Les calculs réalisés sur une base de 220 jours de travail montrent que la facture peut rapidement atteindre plusieurs milliers d’euros selon la distance parcourue. Avec un véhicule diesel consommant 5,5 litres aux 100 kilomètres, un salarié habitant à 15 kilomètres de son lieu de travail dépense environ 871 euros par an uniquement en carburant. À 30 kilomètres, la facture atteint 1 742 euros. Pour une personne parcourant 50 kilomètres matin et soir, soit 100 kilomètres par jour, le coût grimpe à environ 2 904 euros par an, soit près de 264 euros par mois.

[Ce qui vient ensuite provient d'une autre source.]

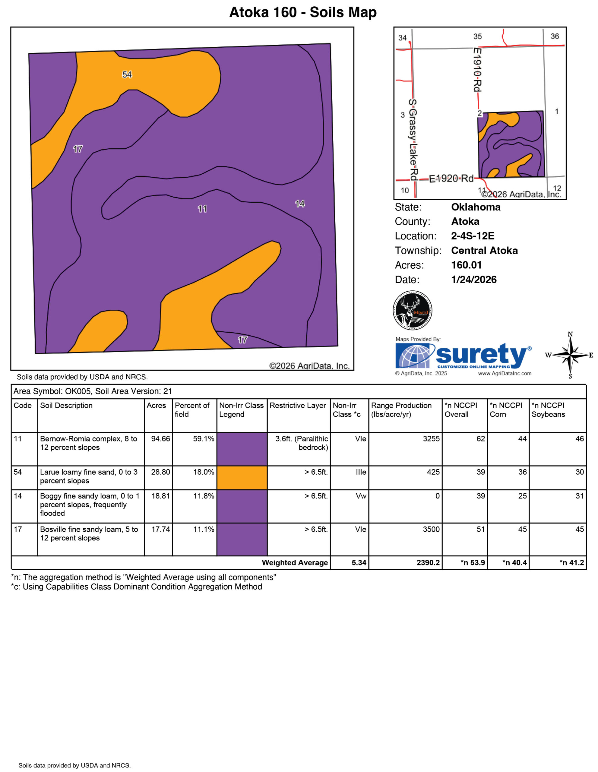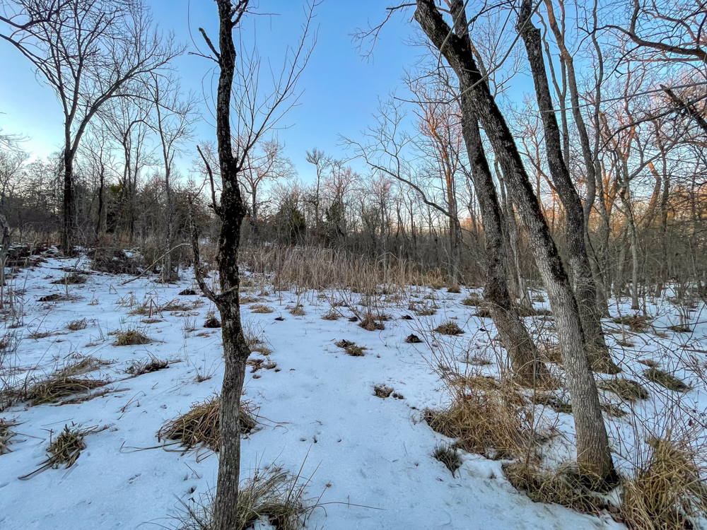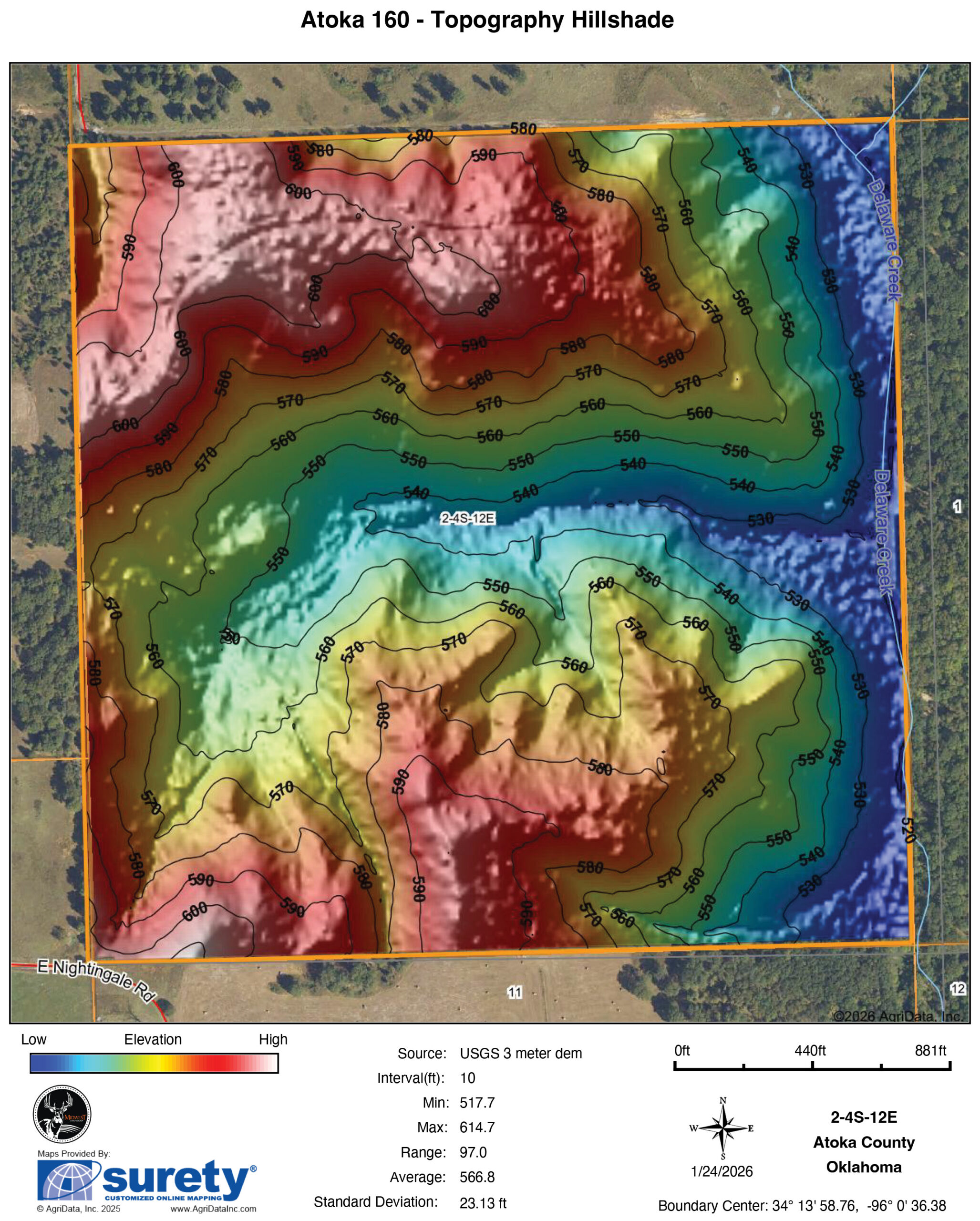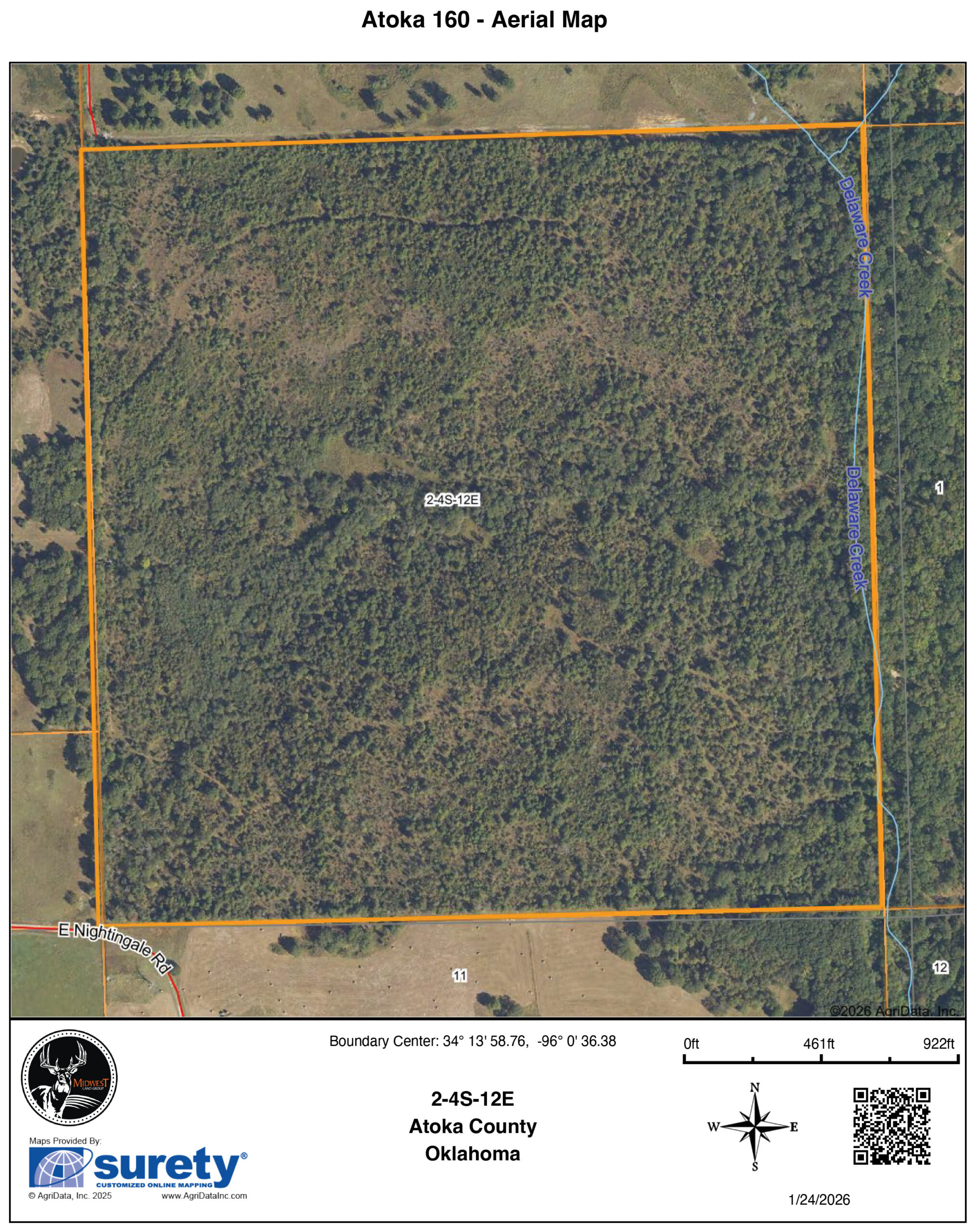 This Atoka 160 is a hunter’s property through and through — built by time, water, and intentional disturbance to grow and hold mature whitetails. Years ago, selective timber harvest created high stem-count regrowth across portions of the property, forming some of the thickest bedding cover you’ll find in this part of the county. That dense security cover, paired with towering, mature mast trees left intact along the creek bottoms, creates the kind of diversity serious deer managers look for. Heavy deer sign throughout confirms what the habitat already promises.Over 2,000 feet of live, year-round frontage on Delaware Creek anchors the property and serves as a natural travel corridor for big creek-bottom bucks. With approximately 80 feet of elevation change and 47 inches of average annual rainfall, the terrain funnels movement predictably while providing reliable water even in dry years. A centrally located drainage with a strong watershed offers an excellent pond-build site, adding future habitat and hunting value without sacrificing the low-pressure feel of the tract.

Ces montants concernent uniquement les déplacements professionnels et ne prennent pas en compte l’entretien du véhicule, l’assurance ou les autres déplacements du quotidien. « De nombreuses entreprises, particulièrement en dehors des grands centres urbains et dans les zones d’activité économique, restent difficilement accessibles en transports publics », explique Lorenzo Stefani, le porte-parole de Touring. « Pour ces personnes, prendre la voiture n’est pas un choix de confort : c’est souvent la seule manière réaliste d’aller travailler », rapporte Sudinfo.

L’essence et les véhicules hybrides restent eux aussi coûteux

Passer à l’essence ne garantit pas forcément une facture plus faible. Avec un litre à 2,058 euros, une petite voiture consommant 5,5 litres aux 100 kilomètres représente une dépense annuelle d’environ 748 euros pour un trajet domicile-travail de 15 kilomètres. Pour une distance de 30 kilomètres, le coût atteint 1 496 euros, tandis qu’un trajet quotidien de 100 kilomètres fait grimper la facture à environ 2 493 euros par an.

Avec une voiture essence consommant en moyenne 6,5 litres aux 100 kilomètres, la dépense atteint 884 euros pour 15 kilomètres, 1 767 euros pour 30 kilomètres et jusqu’à 2 946 euros pour 50 kilomètres. Les véhicules hybrides permettent de réduire certaines dépenses, mais ils restent eux aussi sensibles au prix du carburant. Pour un full hybrid, la facture annuelle liée aux trajets domicile-travail est estimée à 816 euros pour 15 kilomètres, 1 632 euros pour 30 kilomètres et 2 719 euros pour 50 kilomètres.

Sur une année complète avec environ 15 000 kilomètres parcourus, le carburant représente environ 1 700 euros avec une petite essence sobre, 2 008 euros avec une essence moyenne, 1 854 euros avec un full hybrid et 1 980 euros avec un diesel.

Chaque hausse du prix à la pompe pèse davantage sur les longs trajets

Pour les automobilistes qui parcourent beaucoup de kilomètres, chaque variation du prix du carburant a des conséquences directes. Un conducteur réalisant 100 kilomètres par jour avec un diesel dépense environ 121 euros supplémentaires par an lorsque le litre augmente de 10 centimes. Avec une hausse de 20 centimes par litre, le surcoût atteint environ 242 euros sur une année.

Touring estime que cette situation concerne particulièrement les personnes qui vivent dans des zones moins bien desservies par les transports publics et qui n’ont pas d’alternative simple à la voiture. « L’État ne maîtrise évidemment pas le cours du pétrole ni les marchés internationaux. En revanche, il maîtrise une partie importante de la fiscalité qui compose le prix payé à la pompe. On ne peut pas demander à ceux qui n’ont pas d’alternative à la voiture de simplement subir la hausse », conclut l’organisation.